++++ Excerpted data

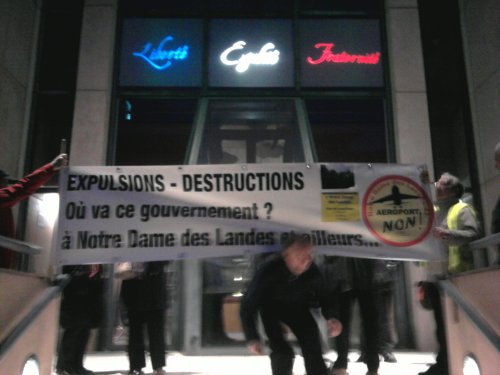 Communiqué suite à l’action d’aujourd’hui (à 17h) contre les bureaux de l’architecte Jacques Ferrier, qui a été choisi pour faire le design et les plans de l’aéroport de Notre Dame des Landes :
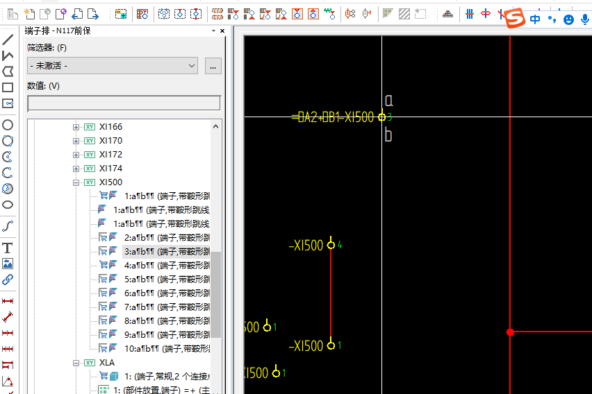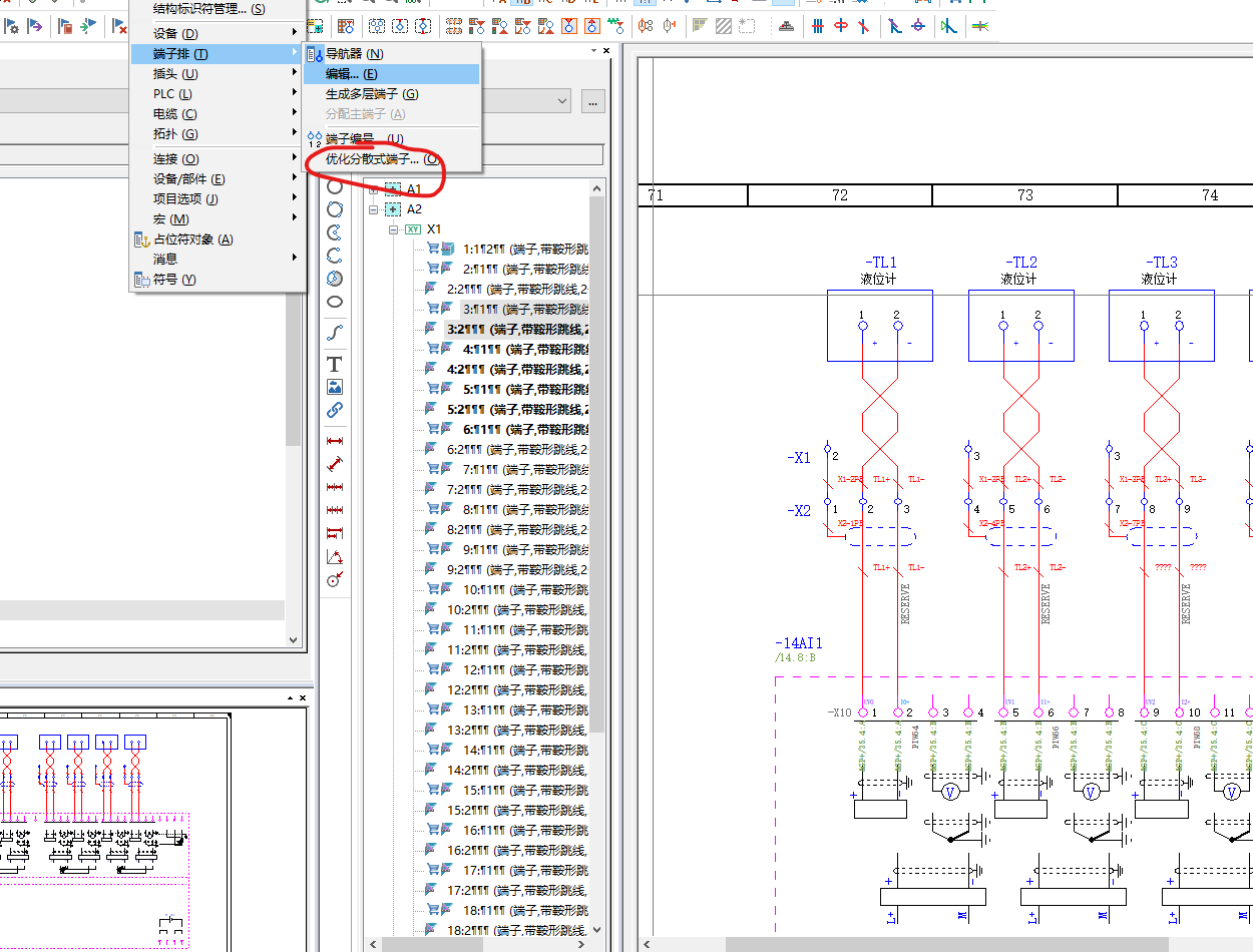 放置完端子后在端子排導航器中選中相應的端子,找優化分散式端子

++++++++
++++ Excerpted data

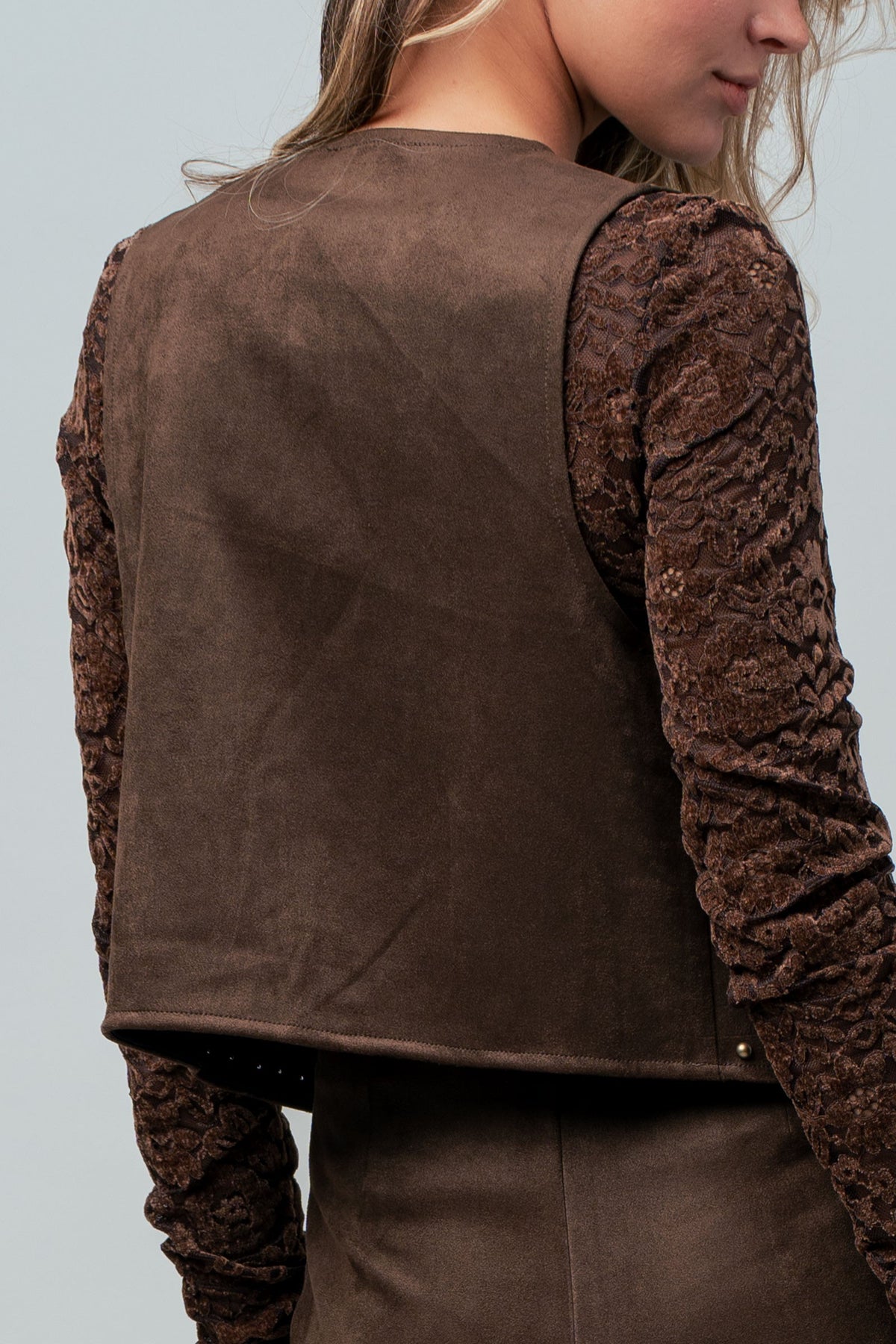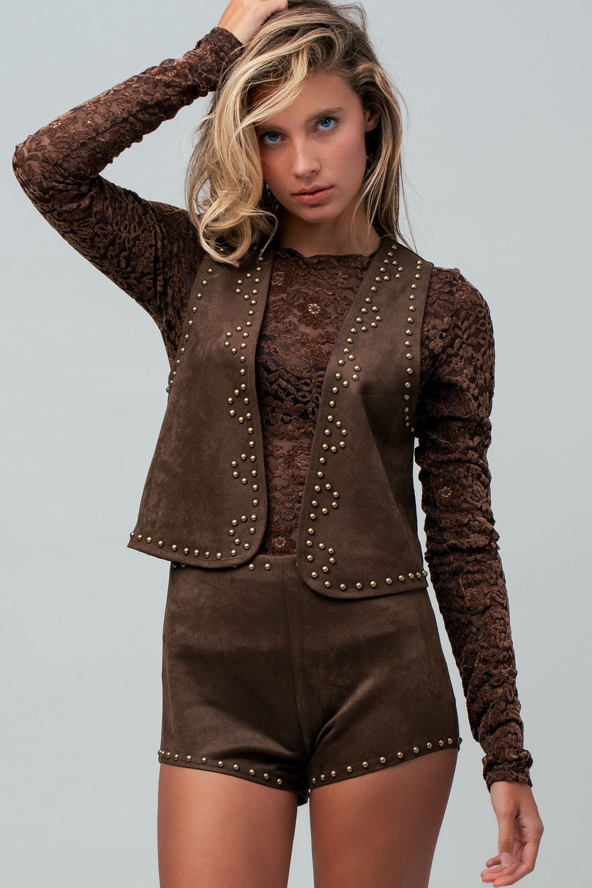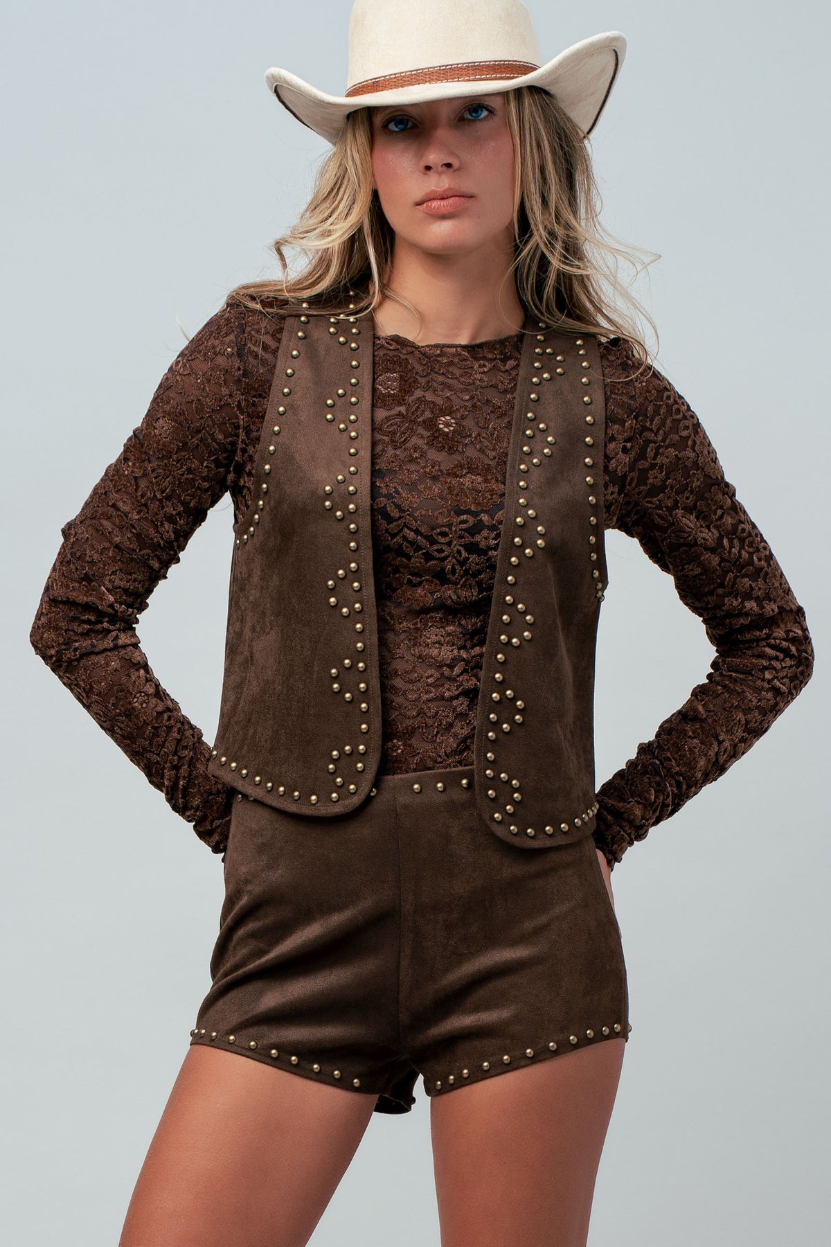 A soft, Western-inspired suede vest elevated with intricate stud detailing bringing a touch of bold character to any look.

++++++++
++++ Excerpted data

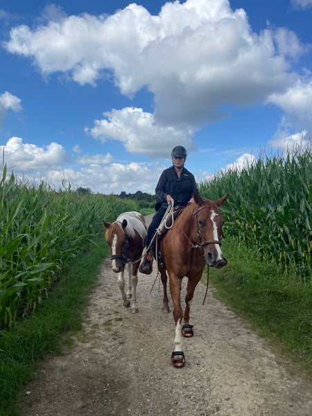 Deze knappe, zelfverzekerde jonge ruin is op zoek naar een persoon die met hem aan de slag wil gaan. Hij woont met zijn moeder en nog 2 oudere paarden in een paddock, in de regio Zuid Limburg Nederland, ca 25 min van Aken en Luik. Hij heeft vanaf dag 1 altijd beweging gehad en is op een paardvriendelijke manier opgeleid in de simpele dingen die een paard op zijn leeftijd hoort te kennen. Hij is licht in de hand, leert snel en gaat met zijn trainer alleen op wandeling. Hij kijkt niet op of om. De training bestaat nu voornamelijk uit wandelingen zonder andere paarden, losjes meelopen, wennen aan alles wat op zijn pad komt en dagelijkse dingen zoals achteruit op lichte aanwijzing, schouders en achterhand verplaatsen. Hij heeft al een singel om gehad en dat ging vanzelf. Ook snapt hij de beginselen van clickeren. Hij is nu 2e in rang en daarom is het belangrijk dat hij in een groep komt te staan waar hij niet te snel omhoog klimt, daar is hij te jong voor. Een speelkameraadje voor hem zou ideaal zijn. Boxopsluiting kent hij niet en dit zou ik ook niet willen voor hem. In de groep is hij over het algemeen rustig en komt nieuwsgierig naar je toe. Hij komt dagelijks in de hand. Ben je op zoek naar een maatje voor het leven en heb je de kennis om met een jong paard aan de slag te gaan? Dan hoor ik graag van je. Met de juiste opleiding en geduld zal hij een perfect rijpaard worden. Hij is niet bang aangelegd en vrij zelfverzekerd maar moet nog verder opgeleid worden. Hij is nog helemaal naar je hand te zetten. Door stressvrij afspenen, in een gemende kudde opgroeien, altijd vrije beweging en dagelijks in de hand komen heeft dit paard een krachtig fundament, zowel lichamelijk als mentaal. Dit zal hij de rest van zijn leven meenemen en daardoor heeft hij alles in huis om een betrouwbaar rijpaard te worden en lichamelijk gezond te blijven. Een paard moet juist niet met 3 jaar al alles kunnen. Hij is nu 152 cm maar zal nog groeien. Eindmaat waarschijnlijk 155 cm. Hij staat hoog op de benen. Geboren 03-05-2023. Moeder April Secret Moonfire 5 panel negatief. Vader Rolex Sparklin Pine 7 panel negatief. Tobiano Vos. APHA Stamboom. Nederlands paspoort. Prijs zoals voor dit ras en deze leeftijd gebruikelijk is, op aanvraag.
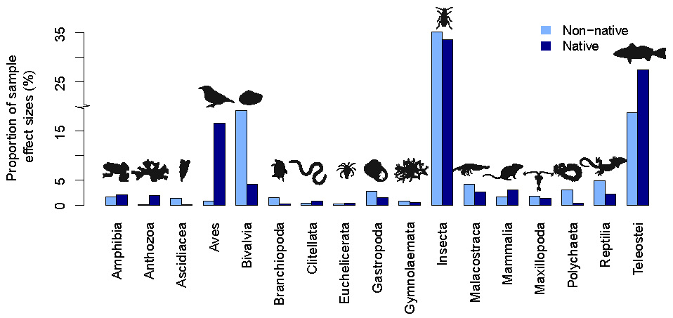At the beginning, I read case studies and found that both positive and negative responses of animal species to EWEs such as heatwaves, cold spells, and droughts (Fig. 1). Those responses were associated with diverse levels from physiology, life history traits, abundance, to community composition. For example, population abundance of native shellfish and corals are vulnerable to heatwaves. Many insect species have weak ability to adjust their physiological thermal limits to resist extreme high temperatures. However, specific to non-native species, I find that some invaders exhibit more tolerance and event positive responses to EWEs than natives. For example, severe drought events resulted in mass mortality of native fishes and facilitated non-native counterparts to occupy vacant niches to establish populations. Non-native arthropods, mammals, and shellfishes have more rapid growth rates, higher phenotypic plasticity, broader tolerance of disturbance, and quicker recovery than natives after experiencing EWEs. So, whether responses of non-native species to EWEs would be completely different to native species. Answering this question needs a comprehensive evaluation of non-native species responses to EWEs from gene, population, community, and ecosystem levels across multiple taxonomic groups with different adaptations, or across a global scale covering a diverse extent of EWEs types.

++++++++

Your output should be the lines above from the one that contains "Communiqué suite à" through the one that contains "放置完端子后在端子排導航器中選中相應的端子,找優化分散式端子", word for word, with pictures left out.

 Communiqué suite à l’action d’aujourd’hui (à 17h) contre les bureaux de l’architecte Jacques Ferrier, qui a été choisi pour faire le design et les plans de l’aéroport de Notre Dame des Landes :
 放置完端子后在端子排導航器中選中相應的端子,找優化分散式端子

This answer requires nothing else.